• SUPPLIED DATA:
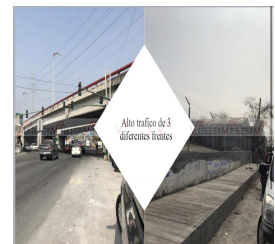
Alto trafico de 3 diferentes frentes
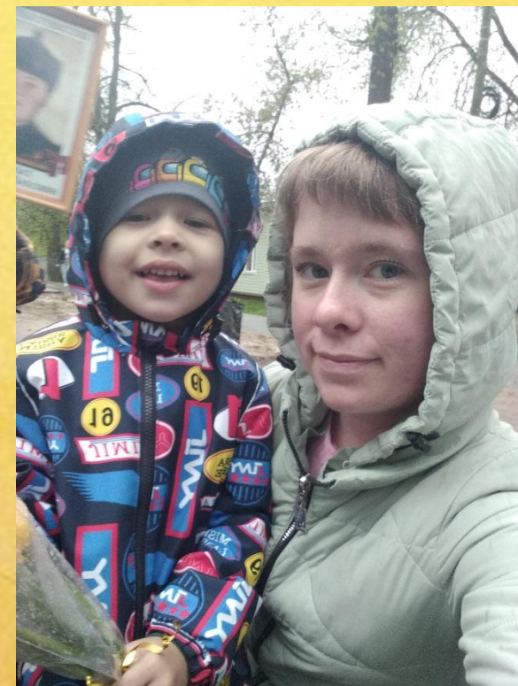
Парад 9 мая
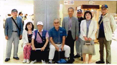
(見学終え館内で記念写真)

他にも色々展示があり一度では見きれないです。又、次回に来館してゆっくりと見たい声がありました。それほど作品が多いということですね。
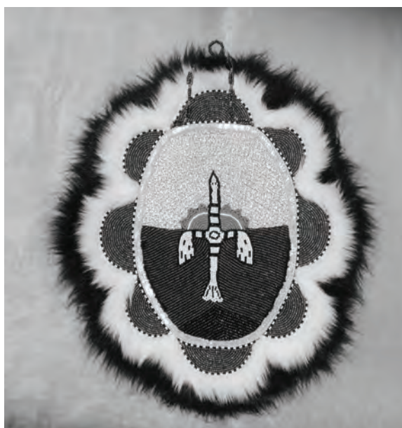
Одна из работ Н.И. Черончиной

Праздничное действо проходило с 24 по 27 июля на базе этнографического комплекса «Эвенкийская деревня», который расположен недалеко от села Первомайского в Тындинском районе.
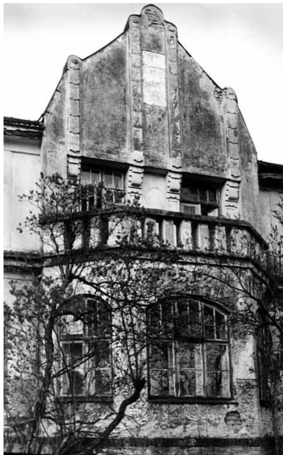
Jídelna, okna v přízemí — dnešní stav

Jídelna léčebny byla největší místností v přízemí objektu. Byla zbudována z chodby (síně) a části výčepu bývalého zájezdního hostince. Měla rozlohu 28,5 m 2 a sloužila zároveň také jako čítárna,
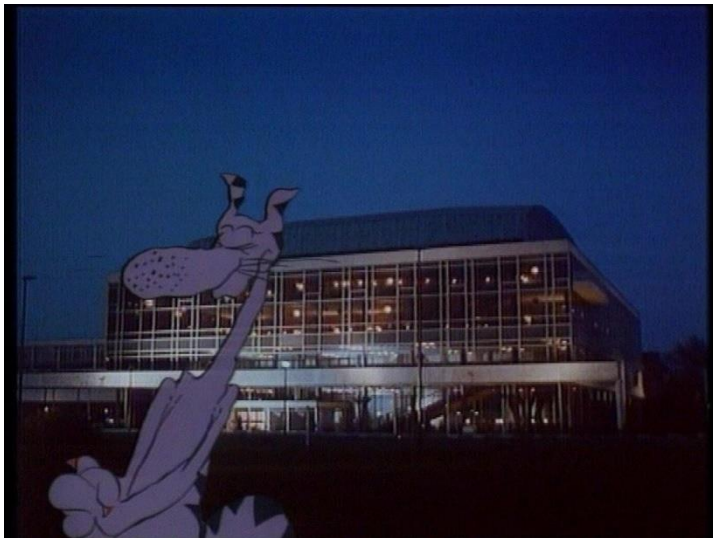
Slika 6. Maskota Eurovizije 1990., Eurocat ispred dvorane Vatroslava Lisinskog
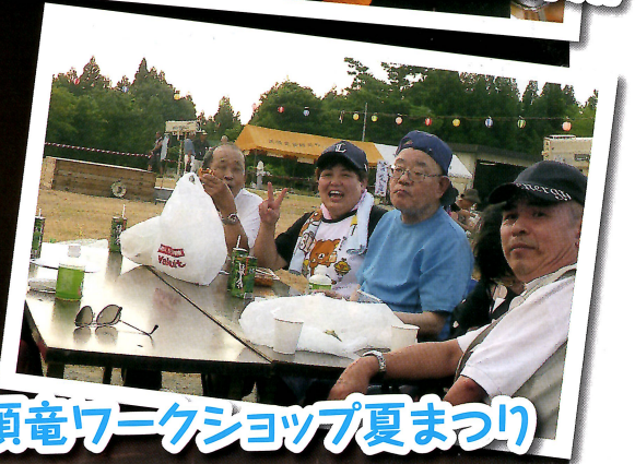
第35回九頭竜ワークショップ夏まつり
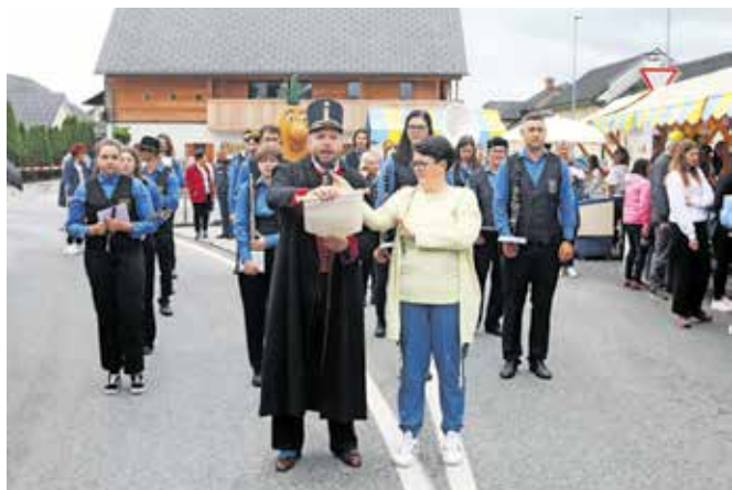
Na Prazniku krompirja vselej preberejo dekret, kar naznanja začetek praznovanja.

Tilen Gubanc z Jesenic pa je v šali dejal, da bi brez krompirja težko preživel. »Rad ga imam na vse načine. Jem ga petkrat na teden, najpogosteje ravno praženega. Podaj se k vsem jedem in ima širok spekter uporabe.«

• DIRECTIONS: Return the listing verbatim; pictures are not part of the copy.

• RESPONSE BOX:
Alto trafico de 3 diferentes frentes
Парад 9 мая
(見学終え館内で記念写真)

他にも色々展示があり一度では見きれないです。又、次回に来館してゆっくりと見たい声がありました。それほど作品が多いということですね。
Одна из работ Н.И. Черончиной

Праздничное действо проходило с 24 по 27 июля на базе этнографического комплекса «Эвенкийская деревня», который расположен недалеко от села Первомайского в Тындинском районе.
Jídelna, okna v přízemí — dnešní stav

Jídelna léčebny byla největší místností v přízemí objektu. Byla zbudována z chodby (síně) a části výčepu bývalého zájezdního hostince. Měla rozlohu 28,5 m 2 a sloužila zároveň také jako čítárna,
Slika 6. Maskota Eurovizije 1990., Eurocat ispred dvorane Vatroslava Lisinskog
第35回九頭竜ワークショップ夏まつり
Na Prazniku krompirja vselej preberejo dekret, kar naznanja začetek praznovanja.

Tilen Gubanc z Jesenic pa je v šali dejal, da bi brez krompirja težko preživel. »Rad ga imam na vse načine. Jem ga petkrat na teden, najpogosteje ravno praženega. Podaj se k vsem jedem in ima širok spekter uporabe.«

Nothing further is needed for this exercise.